Weighing The Pros And Cons Of Podiatry Supergroups

Author(s): 
Lowell Weil, Jr., DPM, FACFAS, MBA

   The decision process on whether a supergroup benefits an individual or practice really comes down to the pros and cons of creating or joining one. Lowell Scott Weil, Sr., DPM, started our practice in 1965. The practice has gone through several transformations over the last 48 years but has been relatively focused in a desire to grow and create strength with size, services and market share in the last several years. We have recognized the changing landscape of healthcare and prefer to be proactive rather than reactive. Through our relationships, research and analysis, we have felt it best to create a supergroup in Chicagoland. This has not come without great consideration and thought. We are constantly having discussions with potential practices interested in joining our group and my goal is to articulate the pros and cons of podiatry supergroups.

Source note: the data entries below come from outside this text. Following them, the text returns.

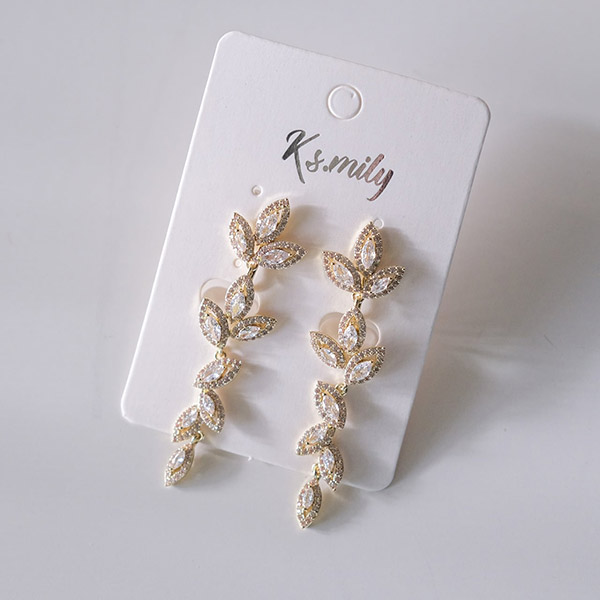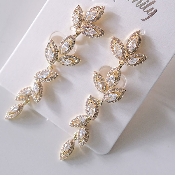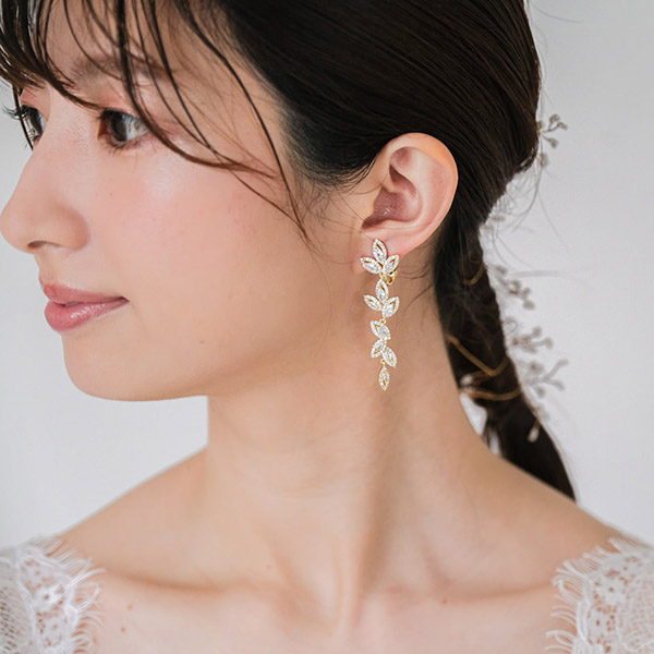 ジルコニアの輝きが、まるで本物のダイヤモンドのような輝きと美しさを放つ、ゴールドカラーのブライダルイヤリング。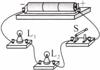 $电源\rightarrow开关\rightarrow分支(一路灯泡,一路灯泡)\rightarrow汇合\rightarrow电源$(图略)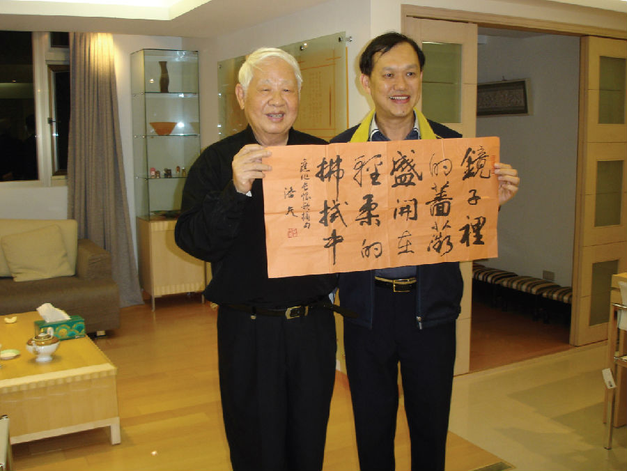 洛夫欣赏白居易的诗,并亲书悬挂客厅:“绿螳新醅酒,红泥小火炉,晚来天欲雪,能饮一杯无?”
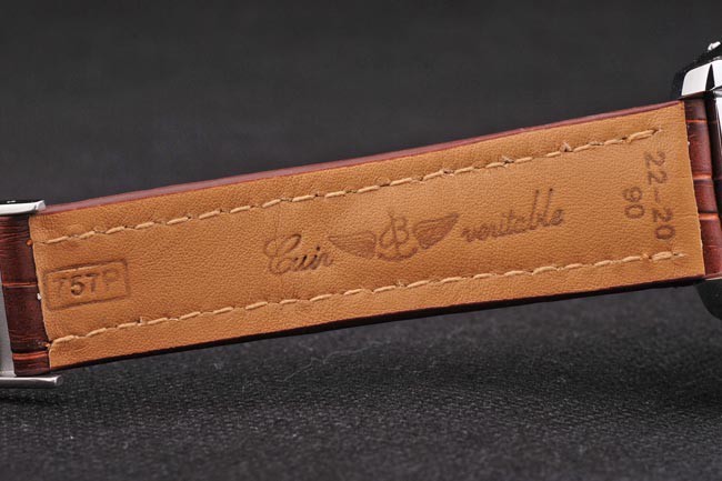 Bracelet 440-grado: caoba caliente piel de alta calidad de color en una patrón de cocodrilo, con las costuras de algodón pesado blanco. Tan banda interior está grabado con el nombre y el logotipo de Breitling, y tiene un cierre hebilla de acero.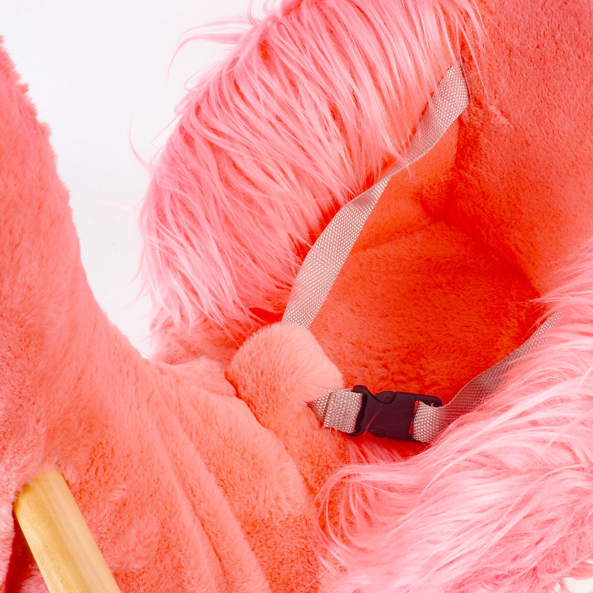 The rocking flamingo hides many surprises and provides entertainment for hours. It is made from high-quality materials, tailored to the child to provide as much fun and comfort as possible.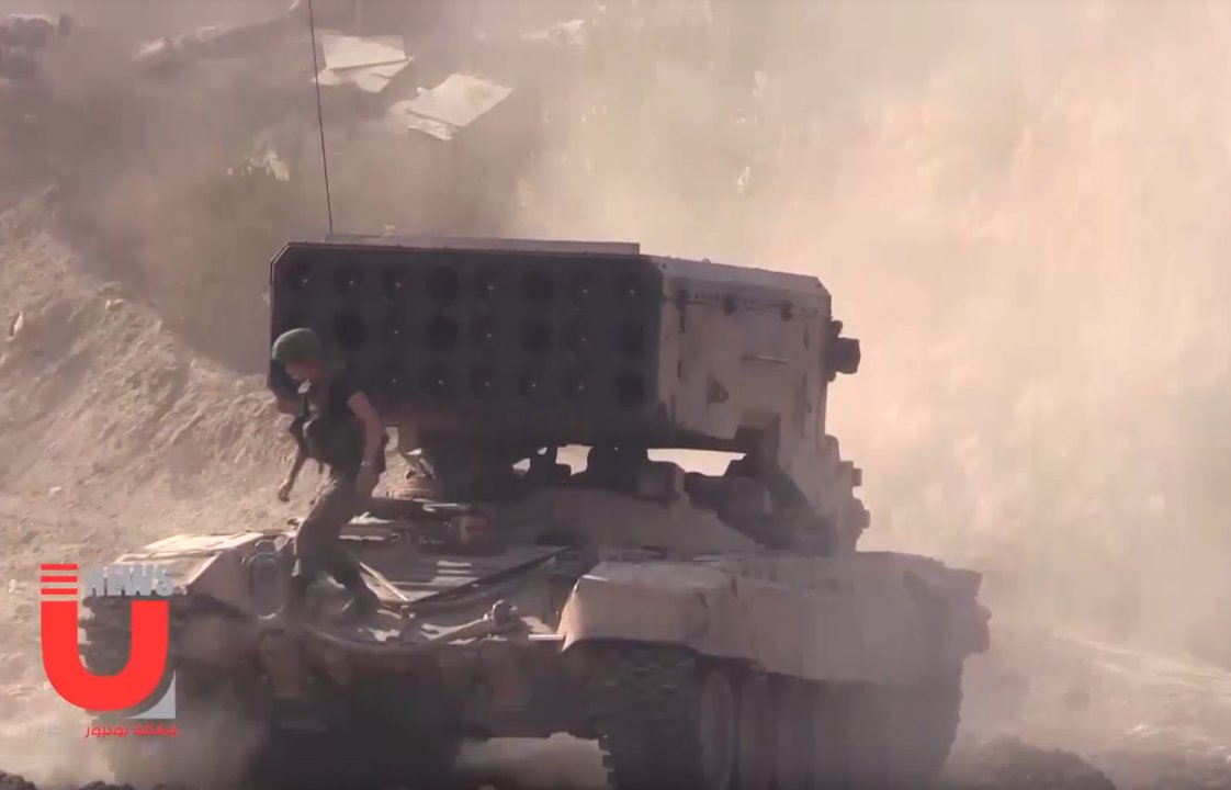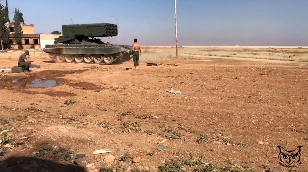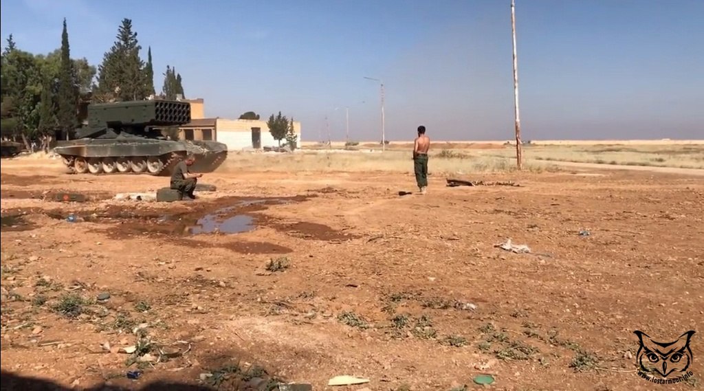 SAA a na ostrůvku Khaidzhat Kati v Deyr Ez Zor. Vypadá to na ruskou posádku TOC-1A "Soltsepek"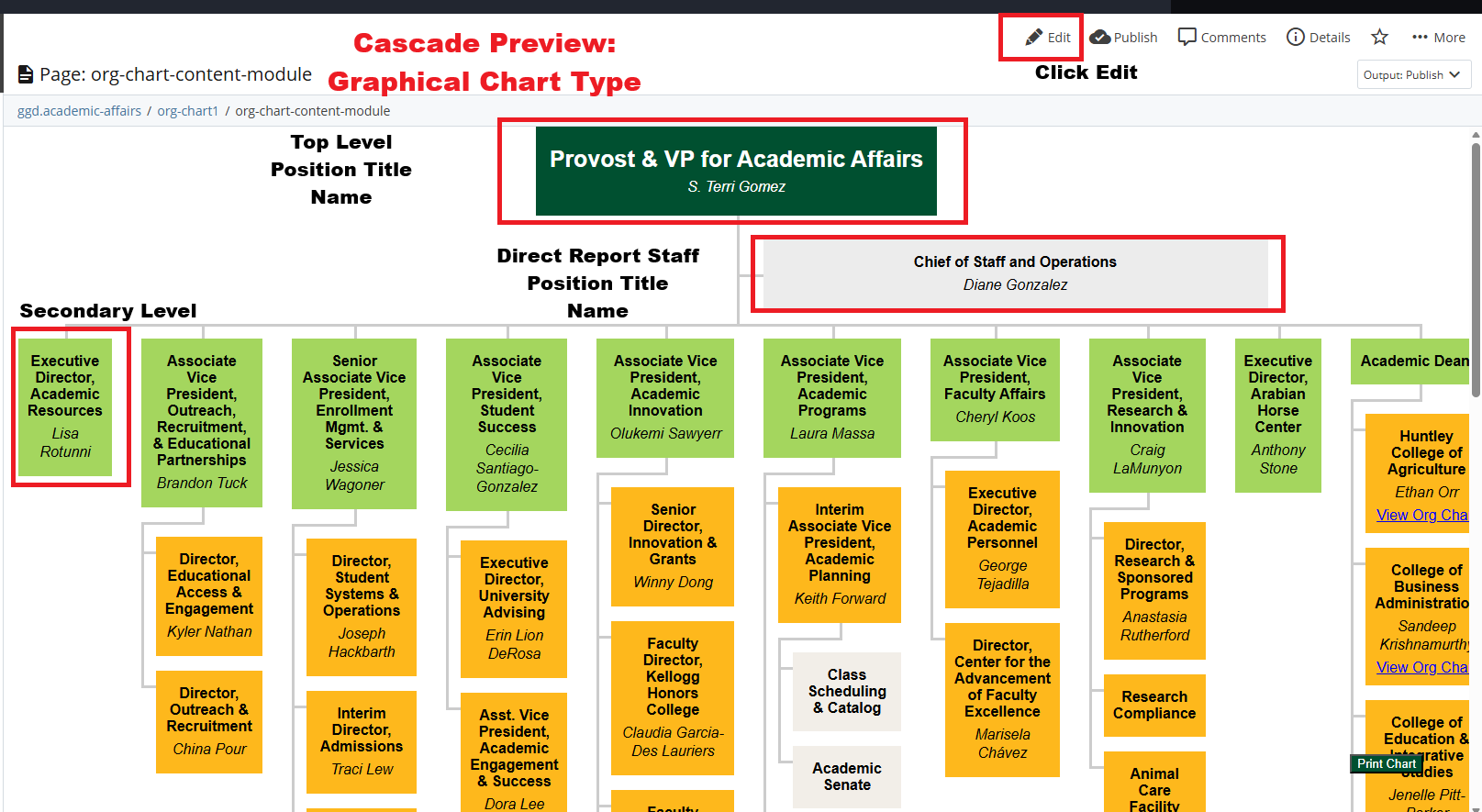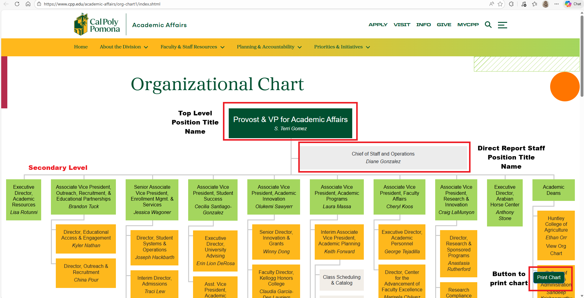 - Role Title and Role Holder Name for Top Level Position Title and Name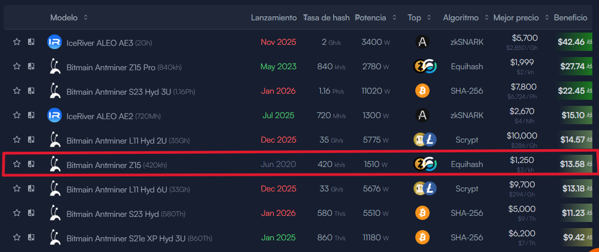 Por otro lado, el Bitmain Antminer Z15, lanzado en junio de 2020, se posicionó como el tercer ASIC más rentable del mercado. Este dispositivo, que ofrece 420 KH/s con un consumo de 1.510 vatios, produce 13,50 dólares diarios netos en promedio.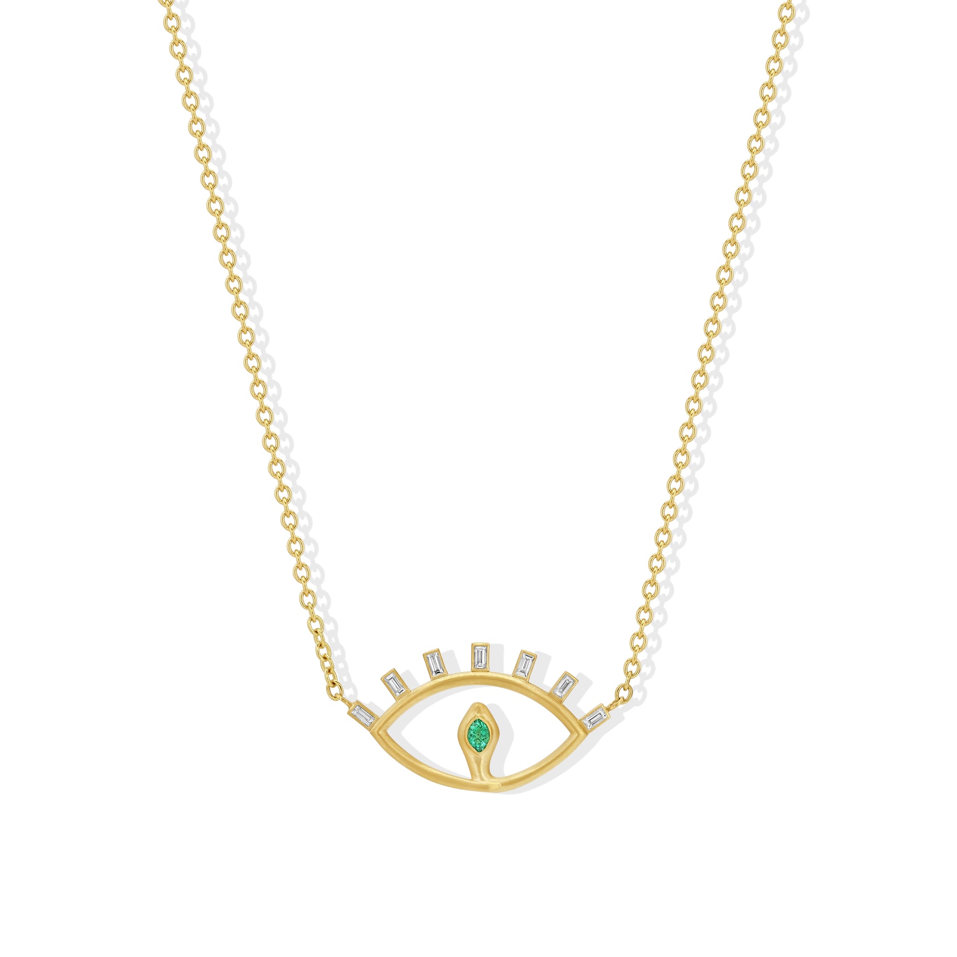 Striking 14k yellow brushed gold evil eye necklace with snake head and diamond eyelashes, in celebration of The Year of the Snake. 7 diamond baguettes @ 0.175 cts. 1 marquise emerald @ 0.06 cts. Cable chain adjustable 18-20 inches. Stack with other items in our brushed gold collection. The evil eye symbolizes protection and snakes signify health, renewal and wisdom. Make this beautiful bracelet your favorite talisman.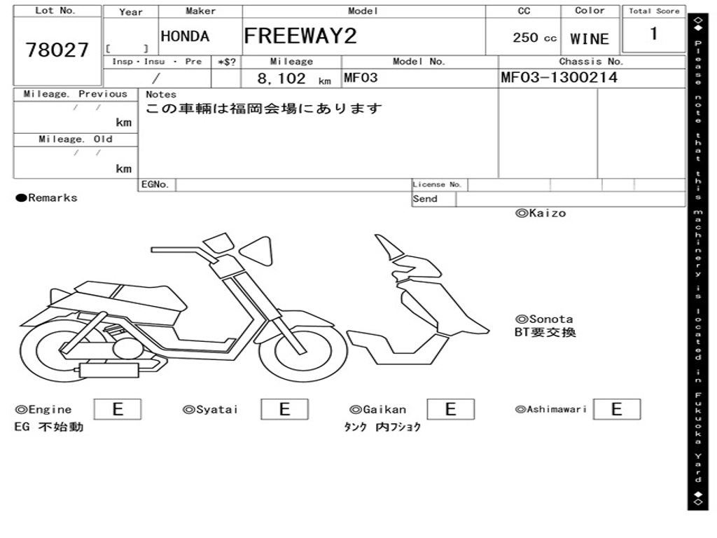 | Номер рамы / VIN | MF03-1300214 |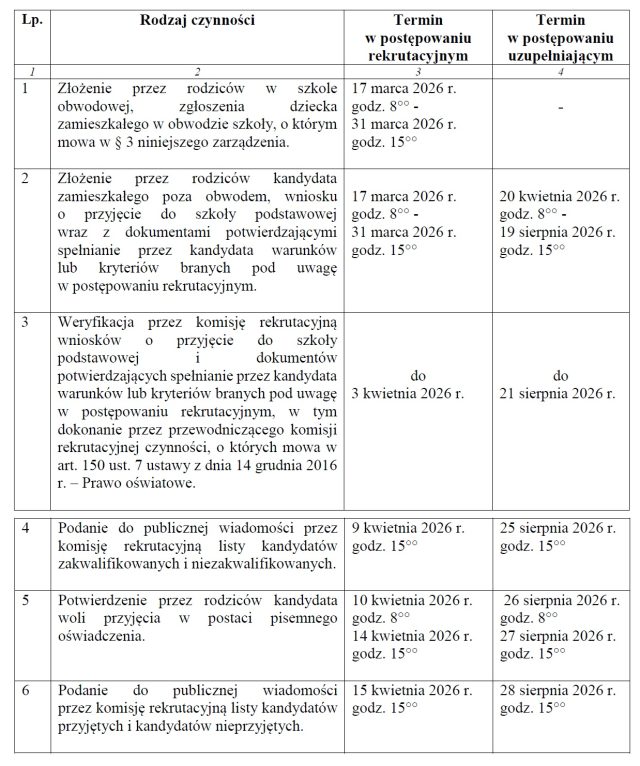 Terminy rekrutacji do klas pierwszych szkół podstawowych: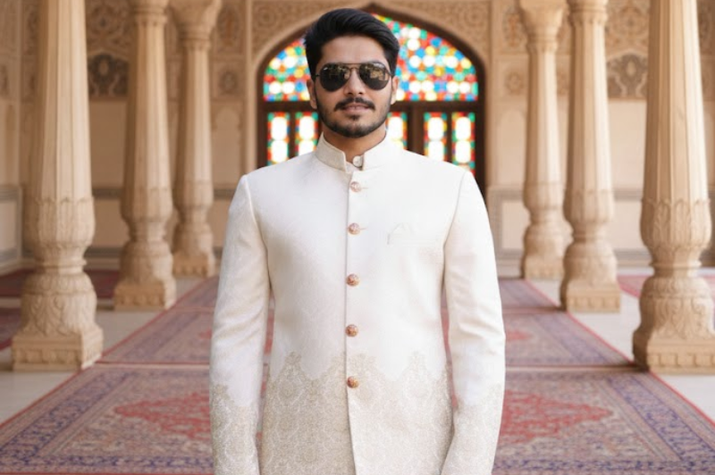 Custom tailored Jodhpuri coats made to reflect brand identity, delivering perfect fit, premium quality, and timeless elegance for event professionals.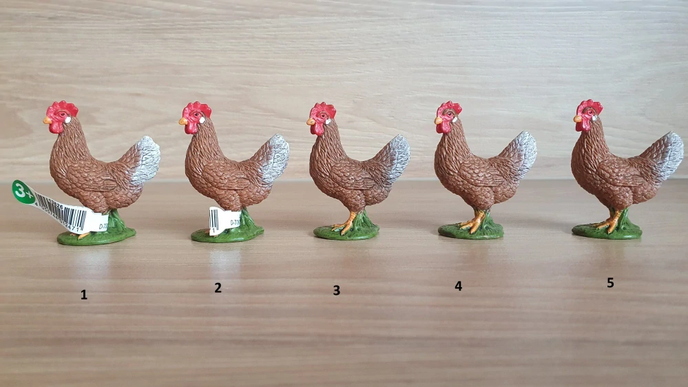 Schleich 13826 slepice, pěkný stav. Rok výroby vyznačený na zvířátku: 2016. Jedná se o použité zboží. Kupujete přesně to, co je na fotkách. Fotografie jsou autentické.

How Supergroups Benefit From Larger, More Specialized Staff

Larger is stronger. In the last several years, many knowledgeable people in the healthcare space have regularly commented that the days of one person or small group practices are coming to an end. It will be difficult at best for small organizations to keep up with the requirements of technology, reporting and evidence-based outcomes to survive. A properly configured supergroup will create the infrastructure necessary to meet the requirements.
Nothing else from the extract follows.